== Task item ==
Print exactly the lines that run from the first line of the material to the line containing "Recognizes a cluster", both ends included, and skip the pictures.

== Source material ==
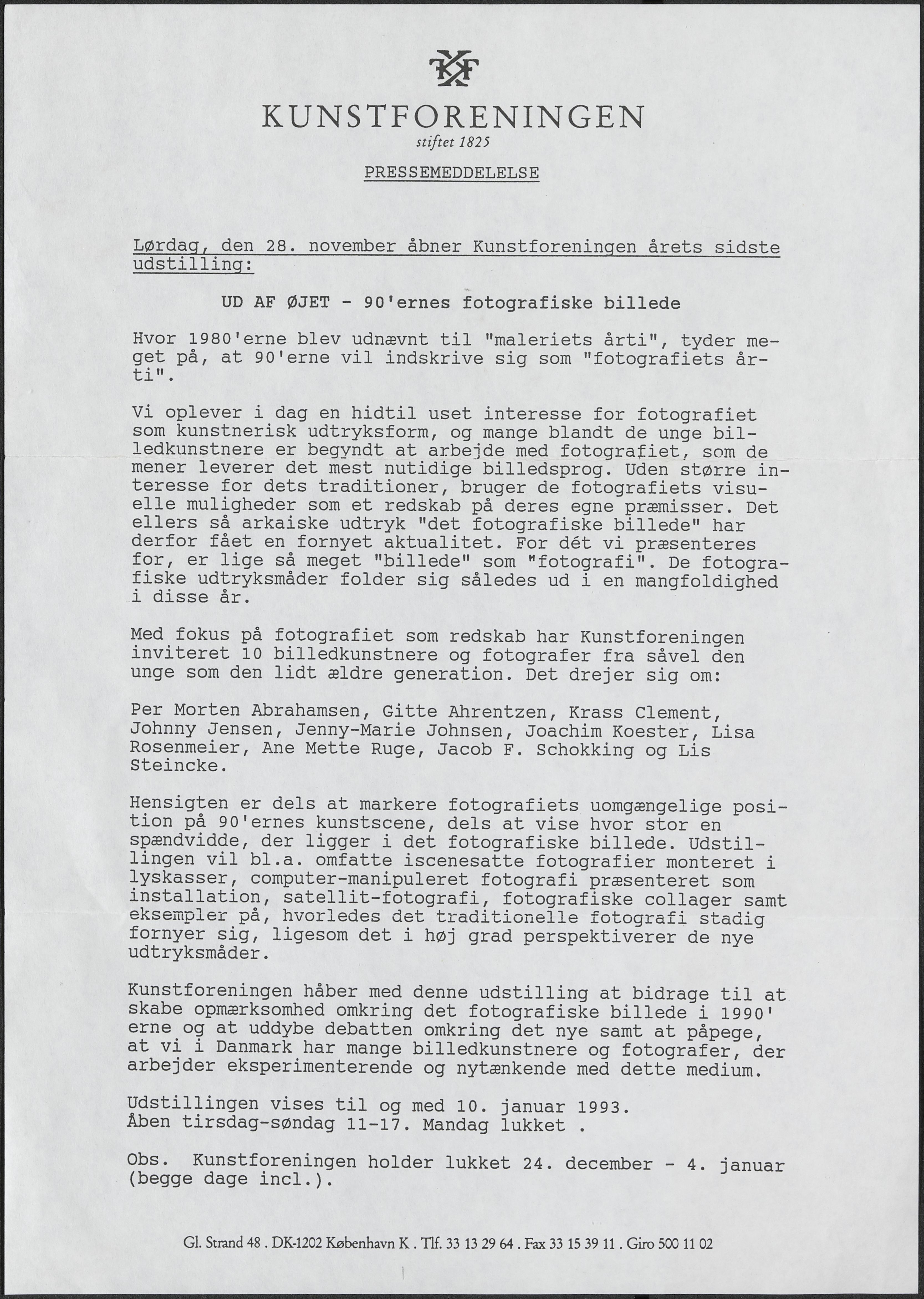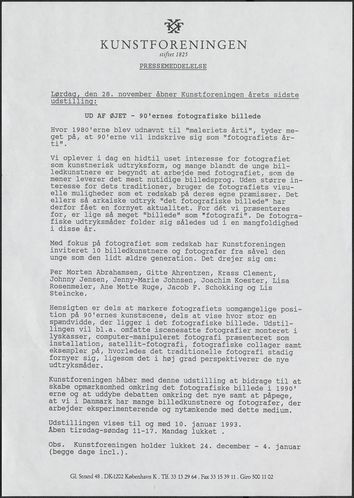 Back Kunstforeningen Pressemeddelelse, 1992: Ud af øjet Facts Document type Exhibition records Mentioned people Per Morten AbrahamsenGitte AhrentzenKrass ClementJohnny JensenJenny-Marie JohnsenJoachim KoesterLisa RosenmeierAne Mette RugeJacob SchokkingLis Steincke Mentioned exhibitions 1992-11-28 - 1993-1-10, Ud af øjet Original
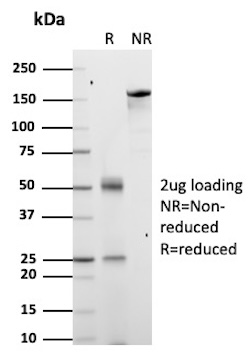 Recognizes a cluster of proteins between 70-80kDa, identified as tyrosinase. Occasionally a minor band at 55kDa is also detected. This MAb shows no cross-reaction with MAGE-1 and tyrosinase-related protein 1, TRP-1/gp75. Tyrosinase is a copper-containing metalloglycoprotein that catalyzes several steps in the melanin pigment biosynthetic pathway; the hydroxylation of tyrosine to L-3,4-dihydroxy-phenylalanine (dopa), and the subsequent oxidation of dopa to dopaquinone. Mutations of the tyrosinase gene occur in various forms of albinism. Tyrosinase is one of the targets for cytotoxic T-cell recognition in melanoma patients. Staining of melanomas with this MAb shows tyrosinase in melanotic as well as amelanotic variants.This MAb is a useful marker for melanocytes and melanomas.
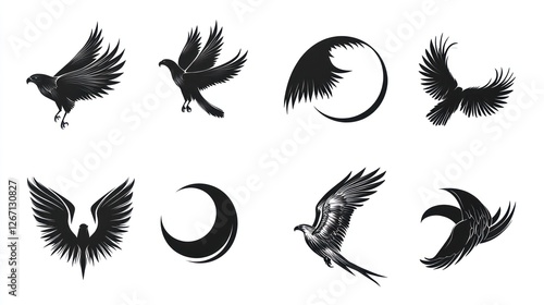 © Mufarokah, Obraz premium Eagle silhouettes, various poses, flight, white background, design elements

== Solution ==
 Back Kunstforeningen Pressemeddelelse, 1992: Ud af øjet Facts Document type Exhibition records Mentioned people Per Morten AbrahamsenGitte AhrentzenKrass ClementJohnny JensenJenny-Marie JohnsenJoachim KoesterLisa RosenmeierAne Mette RugeJacob SchokkingLis Steincke Mentioned exhibitions 1992-11-28 - 1993-1-10, Ud af øjet Original
 Recognizes a cluster of proteins between 70-80kDa, identified as tyrosinase. Occasionally a minor band at 55kDa is also detected. This MAb shows no cross-reaction with MAGE-1 and tyrosinase-related protein 1, TRP-1/gp75. Tyrosinase is a copper-containing metalloglycoprotein that catalyzes several steps in the melanin pigment biosynthetic pathway; the hydroxylation of tyrosine to L-3,4-dihydroxy-phenylalanine (dopa), and the subsequent oxidation of dopa to dopaquinone. Mutations of the tyrosinase gene occur in various forms of albinism. Tyrosinase is one of the targets for cytotoxic T-cell recognition in melanoma patients. Staining of melanomas with this MAb shows tyrosinase in melanotic as well as amelanotic variants.This MAb is a useful marker for melanocytes and melanomas.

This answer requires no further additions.